Your filter should be the truth.  And if it’s “power” someone is pushing upon you, I would vote against that.  How you determine what’s truth or power is the key.  It makes you an informed voter.  This is what the Founding Fathers wanted. 

I am writing this to you because I’m convinced, like Thomas Jefferson, that the “truth needs no defense. It can stand on its own.”  Eventually truth will carry the day in our culture.  It may with this coming election.  In my efforts to inform you—at least as I see it—I hope you will choose to explore what is “Truth” as you mark your vote on this year’s ballot. 

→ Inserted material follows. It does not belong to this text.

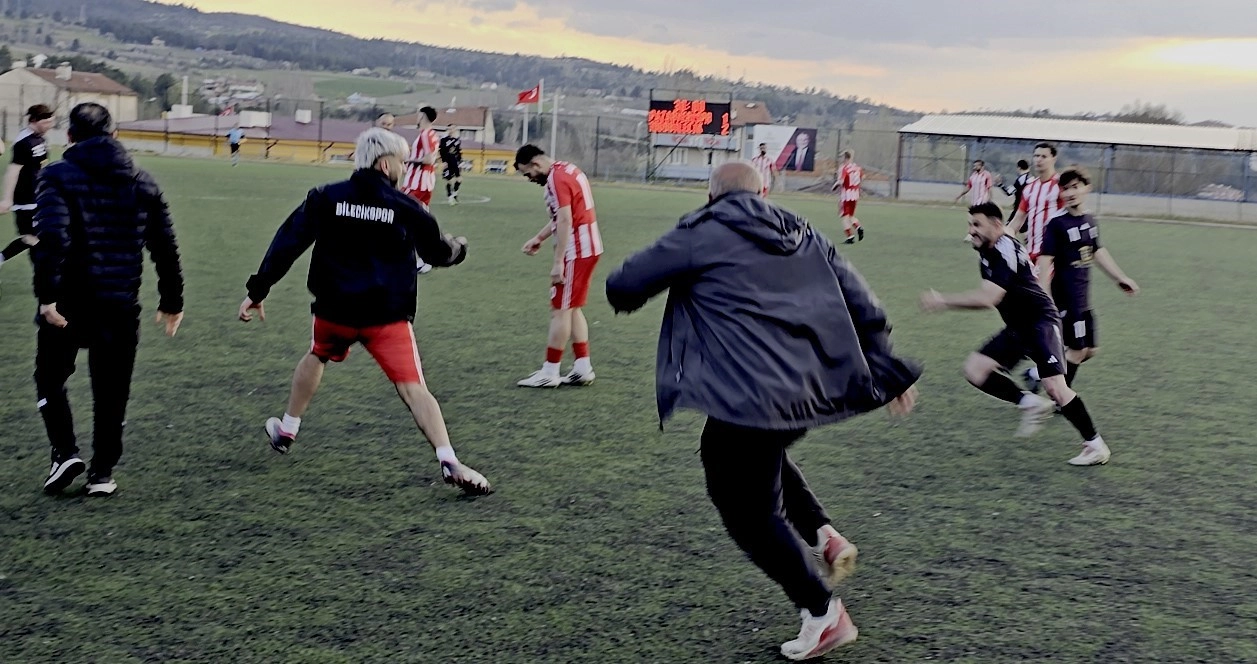 Amatör Lig play-off müsabakası sonrası saha içi adeta ringe dönerken, uçan tekmeler ve yumruklar havada uçuştu.

Another initiative on the Colorado ballot I’m suggesting for your consideration:

Proposition 131 is as confusing as it sounds.  It will be even worse if it passes because it seems to me to be a power grab.  It makes Colorado look a lot like California in rank-ordering general election candidates for office, it will invalidate many ballots marked improperly—likely from seniors who have always voted, and simply voted for the candidate of their choice, and will favor the majority party in each blue state that passes it.  In conservative states where it has been tried, these ranked-choice voting schemes have been banned.  Some suggest, in on-line commentary, that only conservatives running for office are hurt by this scheme.  Examine the proposition for yourself. 

The 2024 Colorado State Ballot Information Booklet puts it this way: “The new election system proposed . . . is more complex and expensive.  Voters will have to vote in two different systems for each election and may receive multiple ballots.  Taxpayers will pay for extensive voter education and outreach efforts.  Even so, some voters will still be confused and still incorrectly fill out their ballots, which could change election winners.  The complexity of counting ranked results could lead to questions about whether the results are fair.” 

We’ve been praying for the integrity of our elections.  The truth is, there’s not a reason we should do this to ourselves.  I will be voting “No” on Colorado Proposition 131.